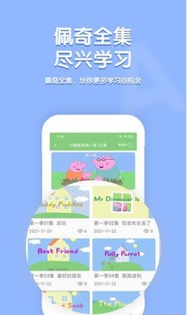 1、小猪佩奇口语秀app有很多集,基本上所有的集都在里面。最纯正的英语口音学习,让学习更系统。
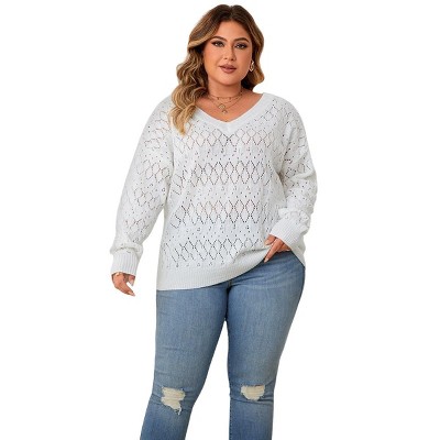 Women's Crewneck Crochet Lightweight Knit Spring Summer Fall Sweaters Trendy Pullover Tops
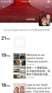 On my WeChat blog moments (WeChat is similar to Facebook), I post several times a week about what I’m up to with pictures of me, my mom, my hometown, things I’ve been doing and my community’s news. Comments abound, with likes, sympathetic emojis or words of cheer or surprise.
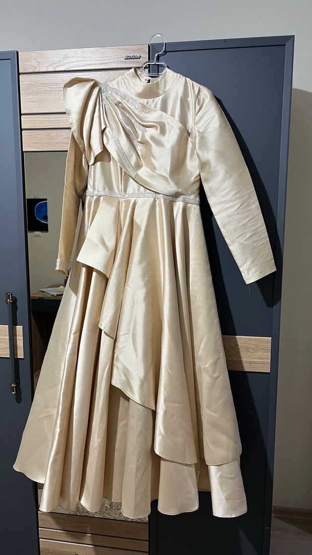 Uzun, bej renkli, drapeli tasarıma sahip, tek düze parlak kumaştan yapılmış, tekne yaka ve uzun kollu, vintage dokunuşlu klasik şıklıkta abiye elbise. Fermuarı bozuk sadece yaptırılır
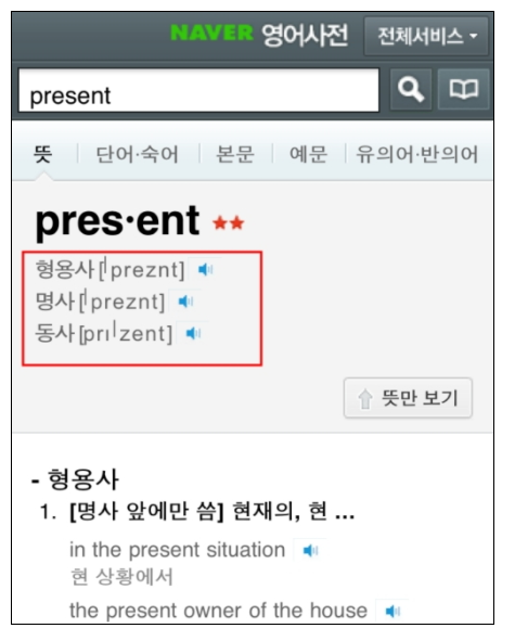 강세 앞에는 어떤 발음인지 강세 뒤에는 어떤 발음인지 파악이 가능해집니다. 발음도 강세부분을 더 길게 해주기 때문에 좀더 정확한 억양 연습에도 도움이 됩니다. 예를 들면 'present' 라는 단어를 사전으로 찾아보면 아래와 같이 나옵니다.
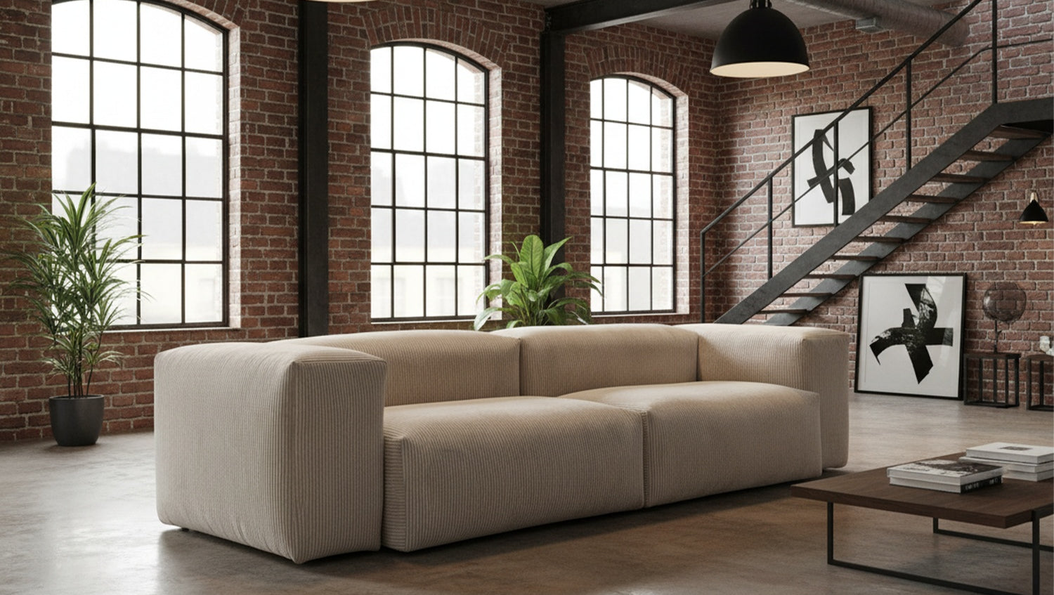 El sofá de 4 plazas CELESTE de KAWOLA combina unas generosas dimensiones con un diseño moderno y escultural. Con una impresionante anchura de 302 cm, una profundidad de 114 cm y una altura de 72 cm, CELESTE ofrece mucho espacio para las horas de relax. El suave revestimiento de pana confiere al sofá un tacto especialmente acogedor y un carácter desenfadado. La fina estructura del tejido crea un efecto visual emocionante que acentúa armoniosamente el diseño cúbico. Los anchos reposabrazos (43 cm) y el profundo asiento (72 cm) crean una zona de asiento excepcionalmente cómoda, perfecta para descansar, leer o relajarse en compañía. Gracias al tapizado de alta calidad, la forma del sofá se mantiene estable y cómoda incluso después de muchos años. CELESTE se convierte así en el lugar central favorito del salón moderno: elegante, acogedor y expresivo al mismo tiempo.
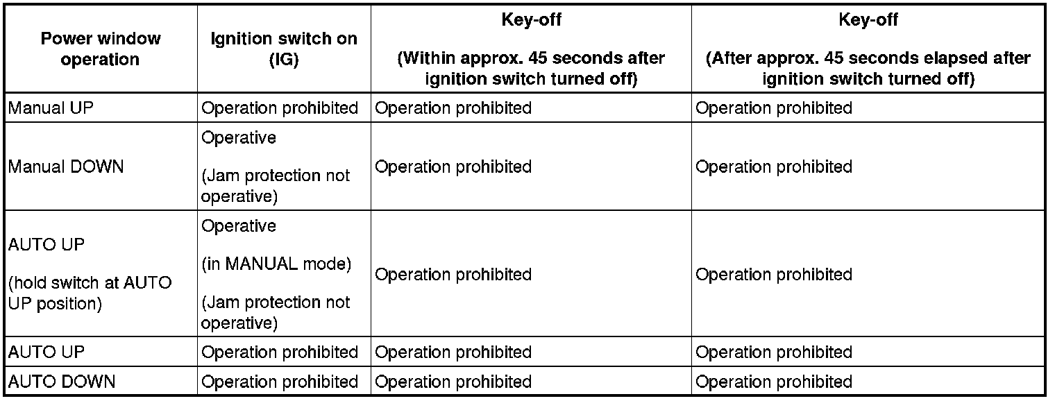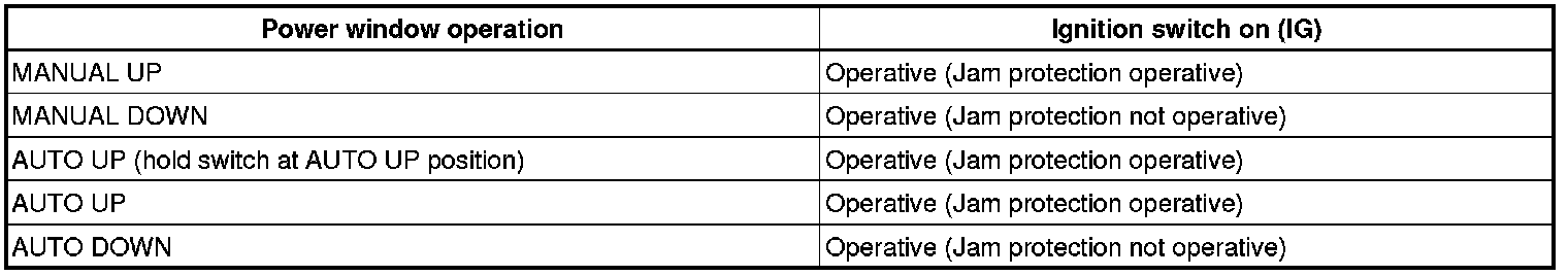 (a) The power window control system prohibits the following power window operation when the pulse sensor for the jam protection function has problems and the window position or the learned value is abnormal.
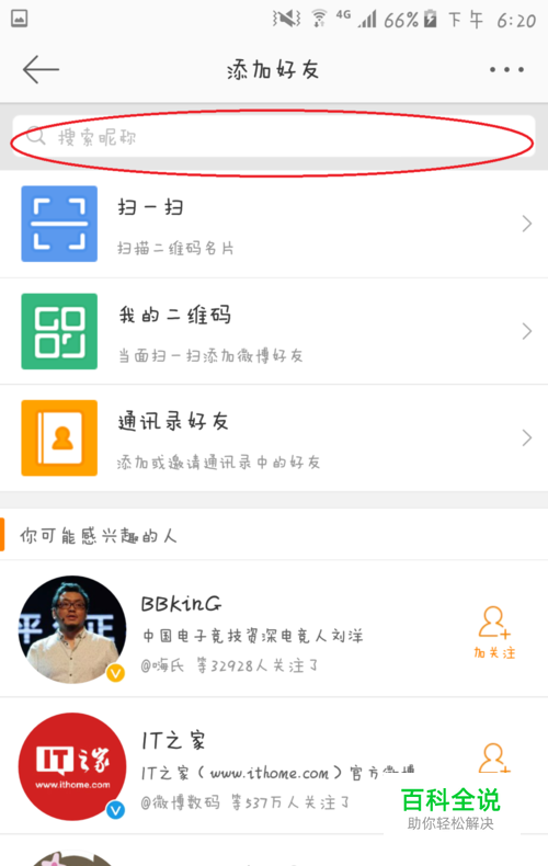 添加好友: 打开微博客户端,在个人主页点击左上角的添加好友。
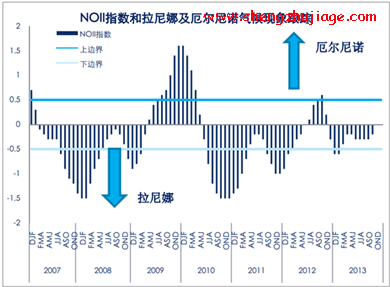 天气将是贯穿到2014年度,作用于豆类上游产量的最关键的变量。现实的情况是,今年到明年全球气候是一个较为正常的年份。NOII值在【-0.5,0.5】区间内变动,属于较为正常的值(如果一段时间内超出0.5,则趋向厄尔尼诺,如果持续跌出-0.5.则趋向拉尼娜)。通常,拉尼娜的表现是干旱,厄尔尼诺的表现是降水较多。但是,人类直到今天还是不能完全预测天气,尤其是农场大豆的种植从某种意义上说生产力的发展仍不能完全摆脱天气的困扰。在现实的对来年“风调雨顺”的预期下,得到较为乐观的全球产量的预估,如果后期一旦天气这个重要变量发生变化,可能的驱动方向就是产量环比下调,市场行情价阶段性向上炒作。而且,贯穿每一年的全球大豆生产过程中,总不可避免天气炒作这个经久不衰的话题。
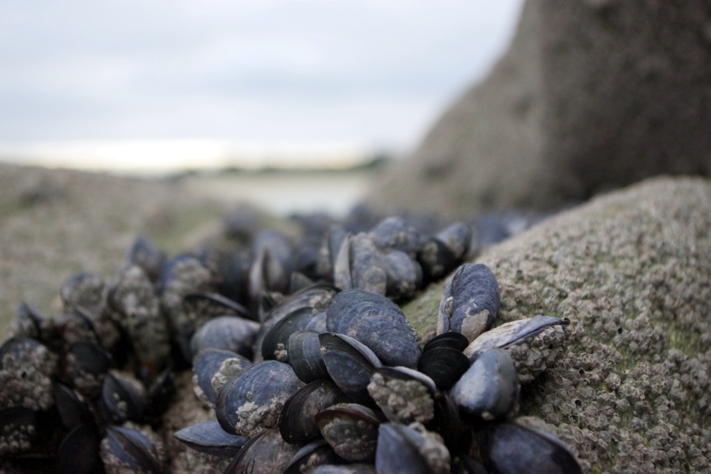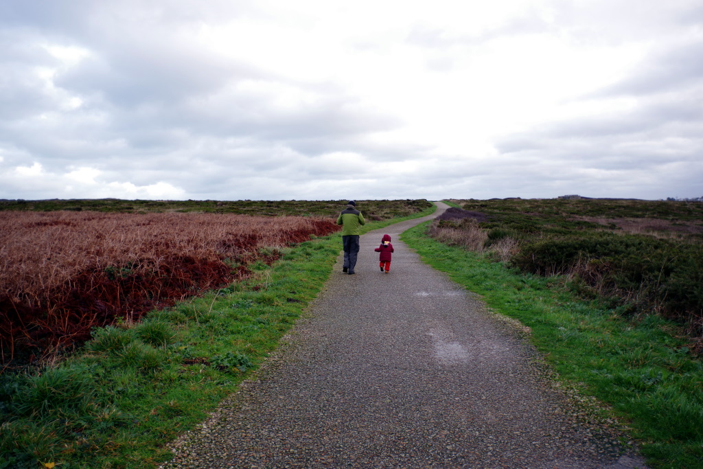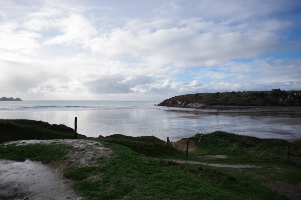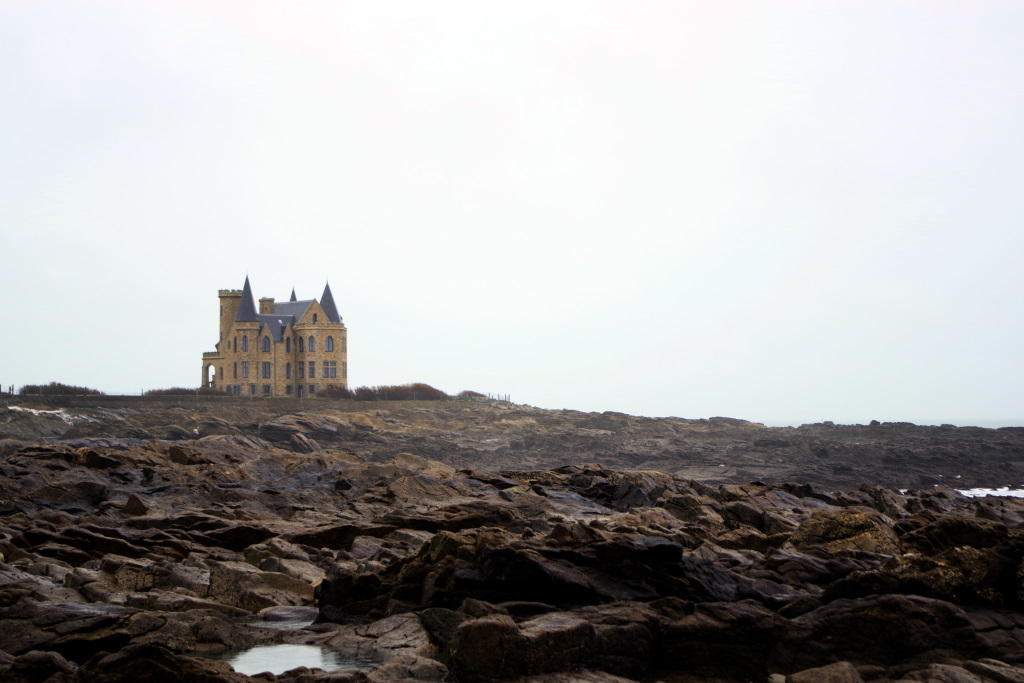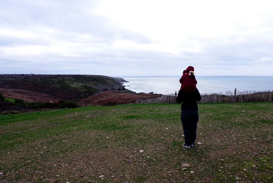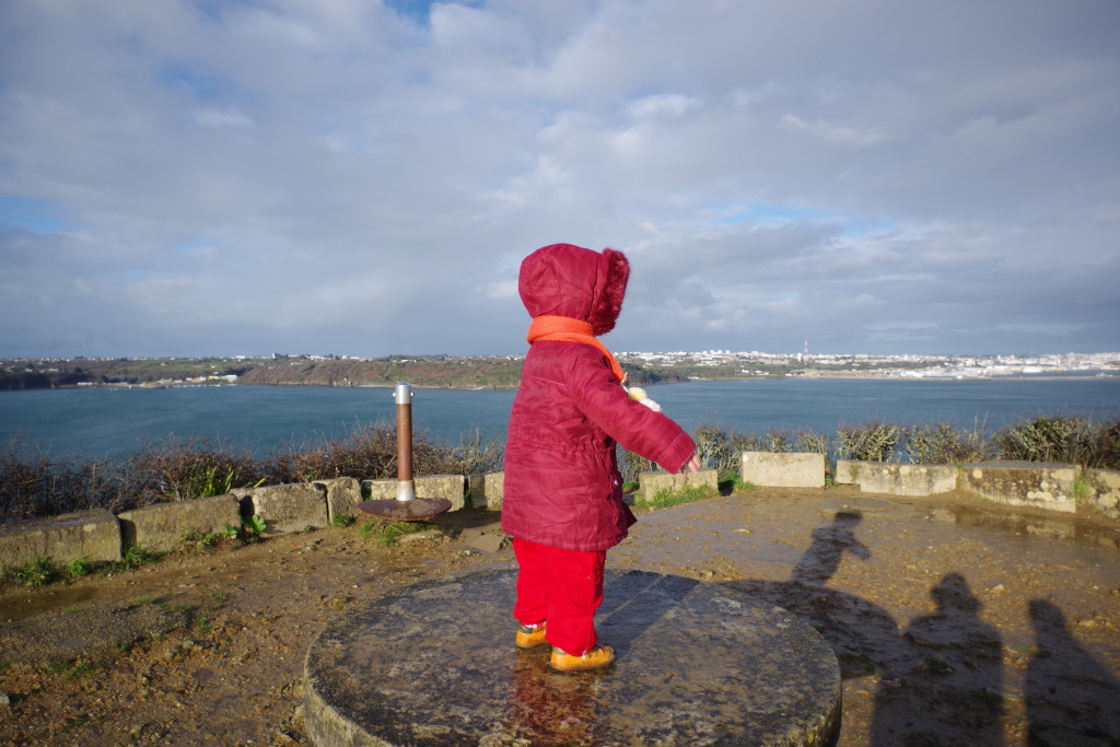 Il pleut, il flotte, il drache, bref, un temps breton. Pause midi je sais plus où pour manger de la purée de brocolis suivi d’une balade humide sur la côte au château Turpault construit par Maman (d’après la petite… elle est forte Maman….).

-------

• [DIRECTIONS FOR THIS TASK] The exact lines from the one containing "添加好友: 打开微博客户端,在个人主页点击左上角的添加好友。" through the end of the data are to be copied, with both ends kept and pictures left out.

• [RESPONSE]
 添加好友: 打开微博客户端,在个人主页点击左上角的添加好友。
 天气将是贯穿到2014年度,作用于豆类上游产量的最关键的变量。现实的情况是,今年到明年全球气候是一个较为正常的年份。NOII值在【-0.5,0.5】区间内变动,属于较为正常的值(如果一段时间内超出0.5,则趋向厄尔尼诺,如果持续跌出-0.5.则趋向拉尼娜)。通常,拉尼娜的表现是干旱,厄尔尼诺的表现是降水较多。但是,人类直到今天还是不能完全预测天气,尤其是农场大豆的种植从某种意义上说生产力的发展仍不能完全摆脱天气的困扰。在现实的对来年“风调雨顺”的预期下,得到较为乐观的全球产量的预估,如果后期一旦天气这个重要变量发生变化,可能的驱动方向就是产量环比下调,市场行情价阶段性向上炒作。而且,贯穿每一年的全球大豆生产过程中,总不可避免天气炒作这个经久不衰的话题。
 Il pleut, il flotte, il drache, bref, un temps breton. Pause midi je sais plus où pour manger de la purée de brocolis suivi d’une balade humide sur la côte au château Turpault construit par Maman (d’après la petite… elle est forte Maman….).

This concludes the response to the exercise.